Peter S. and I were talking about this the other day. IMO, this
probably ought to be changed.

Most likely, this is the race that Tom described. ext3 has 1s
granularity on timestamps. It's easy to do *many* NFS operations within
1s. You might consider switching to a local filesystem on the server w/
more granular timestamps if you have a lot of concurrent activity like
this.

Cheers,
--
Jeff Layton <[email protected]>

2008-06-04 12:10:05

by Alexander Borghgraef

[permalink] [raw]
Subject: Re: Nfs filesystem corruption(?) after kmail crash

On Mon, Jun 2, 2008 at 3:43 PM, Jeff Layton <[email protected]> wrote:
> On Mon, 2 Jun 2008 15:05:17 +0200
> "Alexander Borghgraef" <[email protected]> wrote:
>
>> Nobody? Anyone care to tell me how to interpret the strace stat cur output?
>>
>
>> lstat64("cur", 0xbfb81cb4) = -1 ENOENT (No such file or directory)
>
> File doesn't exist...
>
> If this is from "ls -l" or something like that, that means that the
> client did a READDIR or READDIRPLUS and saw a "cur" entry in the
> directory with a particular filehandle. It then went back and did a
> stat() against that filehandle and it was gone. The two possibilities
> are that something removed that directory in the interim (possibly
> replacing it with a new "cur" directory), or that the filehandle was
> bad for some reason. I'm not aware of any bugs causing the latter, so
> the former is the most likely.

So it's possible that kmail in syncing accesses the cur directory,
reads it, and then removes and replaces the directory before all of
the read operation's actions are executed due to the difference in
time granularity between nfs and ext3? If so, should I file this as a
bug report to the kdepim people? I've looked a bit into the kmail
code, and I traced the error message to an access (from unistd.h) call
on the directories path which fails, but that probably just notices
the problem instead of causing it. I haven't really figured out how
their syncing process works.


--
Alex Borghgraef

2008-06-04 12:39:29

by Jeff Layton

[permalink] [raw]
Subject: Re: Nfs filesystem corruption(?) after kmail crash

On Wed, 4 Jun 2008 14:10:01 +0200
"Alexander Borghgraef" <[email protected]> wrote:

> On Mon, Jun 2, 2008 at 3:43 PM, Jeff Layton <[email protected]> wrote:
> > On Mon, 2 Jun 2008 15:05:17 +0200
> > "Alexander Borghgraef" <[email protected]> wrote:
> >
> >> Nobody? Anyone care to tell me how to interpret the strace stat cur output?
> >>
> >
> >> lstat64("cur", 0xbfb81cb4) = -1 ENOENT (No such file or directory)
> >
> > File doesn't exist...
> >
> > If this is from "ls -l" or something like that, that means that the
> > client did a READDIR or READDIRPLUS and saw a "cur" entry in the
> > directory with a particular filehandle. It then went back and did a
> > stat() against that filehandle and it was gone.

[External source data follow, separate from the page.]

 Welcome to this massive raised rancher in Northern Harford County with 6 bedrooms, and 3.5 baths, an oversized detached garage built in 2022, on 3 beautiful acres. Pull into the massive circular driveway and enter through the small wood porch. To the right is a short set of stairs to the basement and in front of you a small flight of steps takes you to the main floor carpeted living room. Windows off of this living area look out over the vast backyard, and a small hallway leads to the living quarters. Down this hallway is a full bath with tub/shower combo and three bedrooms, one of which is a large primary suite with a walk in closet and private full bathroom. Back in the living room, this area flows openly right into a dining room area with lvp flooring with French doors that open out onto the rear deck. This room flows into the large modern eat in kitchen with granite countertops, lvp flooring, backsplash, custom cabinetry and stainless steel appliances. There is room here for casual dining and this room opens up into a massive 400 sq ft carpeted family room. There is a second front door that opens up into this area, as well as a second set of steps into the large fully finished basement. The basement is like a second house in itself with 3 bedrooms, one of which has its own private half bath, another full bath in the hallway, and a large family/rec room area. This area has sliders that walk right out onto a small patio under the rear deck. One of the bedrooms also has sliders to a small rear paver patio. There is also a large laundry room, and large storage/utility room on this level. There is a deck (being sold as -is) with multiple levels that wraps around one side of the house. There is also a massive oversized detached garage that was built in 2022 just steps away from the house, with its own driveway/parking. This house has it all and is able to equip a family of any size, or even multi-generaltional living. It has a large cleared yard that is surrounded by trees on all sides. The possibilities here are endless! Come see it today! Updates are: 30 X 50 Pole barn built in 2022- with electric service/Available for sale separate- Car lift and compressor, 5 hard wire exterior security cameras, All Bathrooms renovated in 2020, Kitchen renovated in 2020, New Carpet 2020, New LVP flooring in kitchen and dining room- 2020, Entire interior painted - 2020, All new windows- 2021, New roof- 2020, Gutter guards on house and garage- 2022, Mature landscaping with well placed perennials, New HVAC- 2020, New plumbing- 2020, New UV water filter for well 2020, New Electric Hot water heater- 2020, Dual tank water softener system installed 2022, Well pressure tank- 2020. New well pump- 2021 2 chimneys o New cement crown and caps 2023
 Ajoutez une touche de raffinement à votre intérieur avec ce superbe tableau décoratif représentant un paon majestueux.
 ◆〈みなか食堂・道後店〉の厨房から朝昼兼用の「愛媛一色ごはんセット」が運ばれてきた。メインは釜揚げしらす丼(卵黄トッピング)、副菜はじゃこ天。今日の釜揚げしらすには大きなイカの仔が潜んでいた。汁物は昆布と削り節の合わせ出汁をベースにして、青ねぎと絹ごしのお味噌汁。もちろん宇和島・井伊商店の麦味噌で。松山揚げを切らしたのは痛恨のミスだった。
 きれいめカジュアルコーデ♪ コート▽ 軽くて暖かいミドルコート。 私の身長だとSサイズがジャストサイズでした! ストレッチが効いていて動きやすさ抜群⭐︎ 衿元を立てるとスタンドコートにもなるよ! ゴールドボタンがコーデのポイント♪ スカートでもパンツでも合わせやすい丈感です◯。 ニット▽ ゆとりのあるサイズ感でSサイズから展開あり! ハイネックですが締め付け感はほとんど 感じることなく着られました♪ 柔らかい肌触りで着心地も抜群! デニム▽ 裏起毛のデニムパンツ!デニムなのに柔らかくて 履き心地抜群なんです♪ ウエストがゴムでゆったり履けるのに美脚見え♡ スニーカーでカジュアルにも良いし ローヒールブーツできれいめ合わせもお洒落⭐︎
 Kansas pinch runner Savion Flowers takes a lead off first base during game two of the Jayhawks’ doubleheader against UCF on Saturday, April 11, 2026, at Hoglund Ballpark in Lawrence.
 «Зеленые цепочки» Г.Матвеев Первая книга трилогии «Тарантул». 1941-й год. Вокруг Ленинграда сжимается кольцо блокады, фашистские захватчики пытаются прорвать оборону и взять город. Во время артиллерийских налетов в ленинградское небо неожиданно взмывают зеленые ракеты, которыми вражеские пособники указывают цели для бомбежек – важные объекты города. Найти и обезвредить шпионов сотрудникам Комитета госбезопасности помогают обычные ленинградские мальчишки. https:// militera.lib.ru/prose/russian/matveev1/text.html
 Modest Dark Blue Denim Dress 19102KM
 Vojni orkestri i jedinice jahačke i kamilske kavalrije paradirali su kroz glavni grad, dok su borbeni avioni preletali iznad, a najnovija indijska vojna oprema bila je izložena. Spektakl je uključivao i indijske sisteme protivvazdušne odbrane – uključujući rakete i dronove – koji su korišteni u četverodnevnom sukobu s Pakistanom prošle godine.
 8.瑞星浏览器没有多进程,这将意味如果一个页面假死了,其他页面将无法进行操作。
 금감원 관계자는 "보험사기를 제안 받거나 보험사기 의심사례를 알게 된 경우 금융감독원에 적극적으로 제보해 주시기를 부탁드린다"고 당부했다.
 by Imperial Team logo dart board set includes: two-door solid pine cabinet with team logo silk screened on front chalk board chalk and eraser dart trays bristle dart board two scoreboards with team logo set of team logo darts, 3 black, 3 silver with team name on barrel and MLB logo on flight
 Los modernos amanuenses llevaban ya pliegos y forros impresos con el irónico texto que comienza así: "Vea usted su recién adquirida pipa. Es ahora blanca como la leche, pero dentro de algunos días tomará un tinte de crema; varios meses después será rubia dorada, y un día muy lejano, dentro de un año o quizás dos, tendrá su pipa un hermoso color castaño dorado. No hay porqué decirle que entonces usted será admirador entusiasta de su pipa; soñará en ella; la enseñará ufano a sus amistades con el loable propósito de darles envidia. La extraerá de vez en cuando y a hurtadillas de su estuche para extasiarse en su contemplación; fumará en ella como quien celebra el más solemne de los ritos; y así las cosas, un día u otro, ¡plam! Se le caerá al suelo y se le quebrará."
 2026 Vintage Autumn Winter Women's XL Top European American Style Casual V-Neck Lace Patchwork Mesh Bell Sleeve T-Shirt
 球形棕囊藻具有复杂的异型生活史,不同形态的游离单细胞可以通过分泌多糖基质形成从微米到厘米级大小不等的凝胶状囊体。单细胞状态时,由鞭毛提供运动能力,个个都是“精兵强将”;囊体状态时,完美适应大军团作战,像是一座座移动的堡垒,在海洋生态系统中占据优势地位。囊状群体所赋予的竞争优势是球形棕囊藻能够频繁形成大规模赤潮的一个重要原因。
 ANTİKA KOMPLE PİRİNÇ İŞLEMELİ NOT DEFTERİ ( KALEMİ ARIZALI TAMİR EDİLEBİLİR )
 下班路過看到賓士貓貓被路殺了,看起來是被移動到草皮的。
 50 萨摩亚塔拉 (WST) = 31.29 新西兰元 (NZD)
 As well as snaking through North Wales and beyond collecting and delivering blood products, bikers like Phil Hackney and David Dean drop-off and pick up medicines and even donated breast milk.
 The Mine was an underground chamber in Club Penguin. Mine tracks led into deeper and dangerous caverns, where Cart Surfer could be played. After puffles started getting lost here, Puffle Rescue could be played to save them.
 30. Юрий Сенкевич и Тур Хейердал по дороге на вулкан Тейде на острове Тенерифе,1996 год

The two possibilities
> > are that something removed that directory in the interim (possibly
> > replacing it with a new "cur" directory), or that the filehandle was
> > bad for some reason. I'm not aware of any bugs causing the latter, so
> > the former is the most likely.
>
> So it's possible that kmail in syncing accesses the cur directory,
> reads it, and then removes and replaces the directory before all of
> the read operation's actions are executed due to the difference in
> time granularity between nfs and ext3? If so, should I file this as a
> bug report to the kdepim people? I've looked a bit into the kmail
> code, and I traced the error message to an access (from unistd.h) call
> on the directories path which fails, but that probably just notices
> the problem instead of causing it. I haven't really figured out how
> their syncing process works.
>

My suspicion would be rather that this directory is being removed by a
process on a different client (or maybe the server). If this directory
is only being changed by the client itself, then something is definitely
not working right. The client should generally be aware of changes that
it makes itself.

I doubt this is a userspace bug, per-se, though there are certainly
ways to write userspace code that are more friendly to NFS. My
suggestion would be to see about getting some network captures and
determine at what point the filehandle is changing when this happens.

An even better thing would be to track down a way to reliably reproduce
this. With that we could offer a more comprehensive explanation.

--
Jeff Layton <[email protected]>